Their Desires for the Propositions to be pressed to the King, for the Scots about the King to hold their Places, &c.
"Desires of the Kingdome of Scotland.
"That the Committee of both Kingdomes bee appointed to attend His Majesty, and pressing Him further for graunting the Propositions of Peace; and, in case of His Refusall, to advise and determine what is further necessary, for continueinge and strengthening the Union betweene the Kingdomes, according to the Covenant and Treatyes; and that noe Peace nor Agreement bee made by either Kingdome with the King without the other, according to the late Treaty betwixt the Kingdomes.

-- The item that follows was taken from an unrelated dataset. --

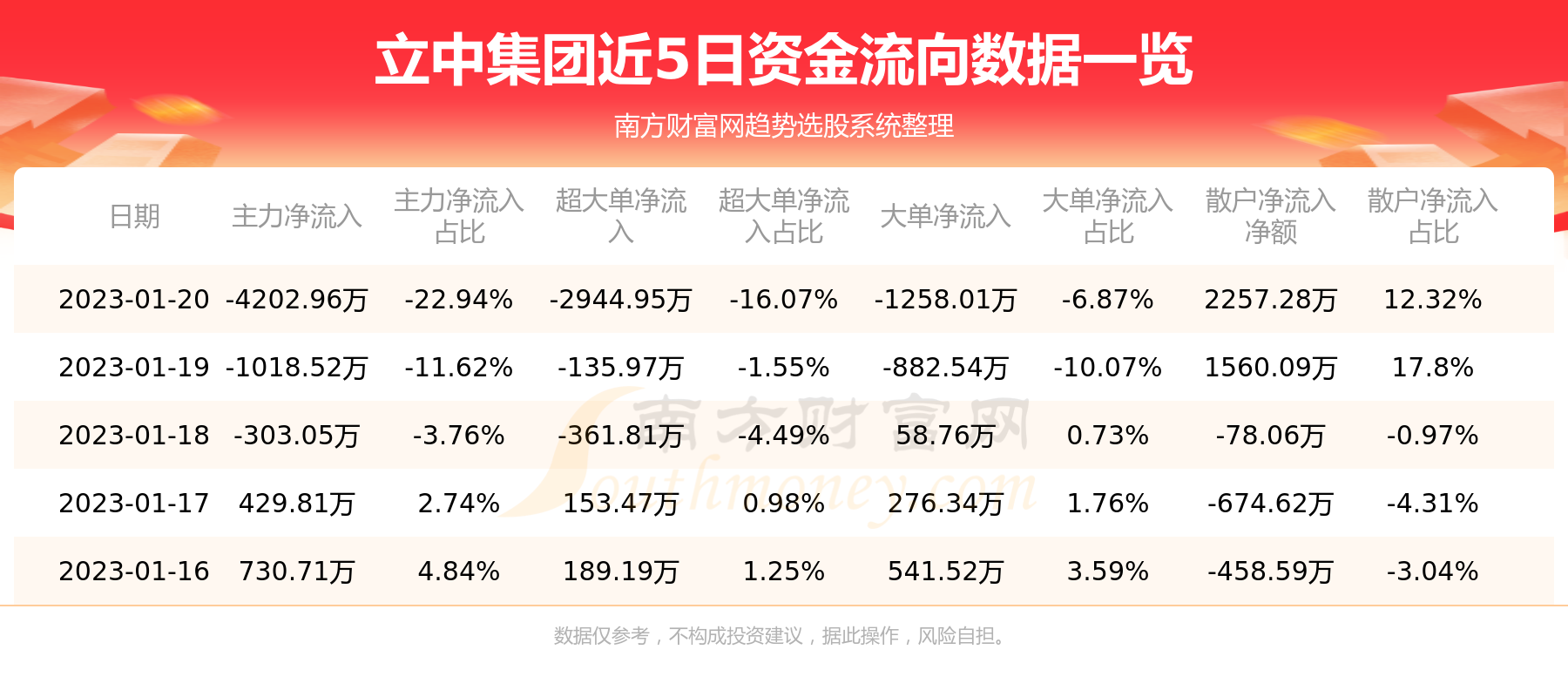 1月20日消息,立中集团主力资金净流出4202.96万元,超大单资金净流出2944.95万元,散户资金净流入2257.28万元。

"Next it is desired, that such of the Scottish Nation as hath Place or Charge aboute the King (excepting such as stand excepted in the Propositions of Peace) may attend and exercise the same; and that none shal bee debarred from haveing Accesse to attend His Majesty, who have Warrant from the Parliaments of either Kingdome respectively, or from the Committee of either Parliament thereunto authorised.
"It is desired, that the One Kingdome assist the other, in case they bee troubled from within or from without, for this Agreement.
"That the Kingdome of England would speedily condiscend and agree upon some Competency of Entertainment for the Forces which wee are necessitated to keepe upp, to suppresse the Irish Rebells, whome by the large Treaty they are bound to suppresse.
Ed. 16 Janu. 1647.
"Craford & Linsey,
PRAYERS, by Mr. Sallawey.
Domini præsentes fuerunt:
Comes Manchester, Speaker.
L. Viscount Say & Seale.
Answer from the H. C.
Sir Edward Leech and Mr. Hakewill return with this Answer:
That the House of Commons will sit this Afternoon, and give a Conference, as is desired; and they will send an Answer to the rest by Messengers of their own.
Heads for the Conference about the Declaration, &c. from the Scots.
The Speaker, at this Conference, is to let them know, "That this House hath received a Letter, with a Declaration and Desires from the Parliament of Scotland, which their Lordships take as a great Testimony of their Reality and Faithfulness; upon which this House hath made Votes, wherein the Concurrence of the House of Commons is desired; and if they shall agree therein, to let them know, that this House hath named a Committee of Six Lords, to draw up a Letter, according to those Votes, to be sent to the Parliament of Scotland; and desire they would nominate a proportionable Number of their House, to join with them therein, and to meet as soon as may (fn. 4) be, that so the Answer may be sent away speedily, in regard the Scotts Garrison do quit Newcastle on Saturday next."
The House of Commons being ready in the Painted Chamber, the House was adjourned during Pleasure, and the Lords went to the Conference; which being ended, the House was resumed.
Eales's Suit against the Stationers stayed, for seizing scandalous Books in his Shop.
This Day Eales and the Master and Wardens of the Company of Stationers were called in, to know upon what Ground the said Eales arrested the Stationers.
And it appeared by the Declaration, that the Action was for Battery.
And it was alledged by the Stationers, "That it was because they proceeded in seizing of scandalous Books, according to an Ordinance of Parliament."
And the Question being put, "Whether to stay the Proceedings at Law, till this House be more fully informed of the Business?"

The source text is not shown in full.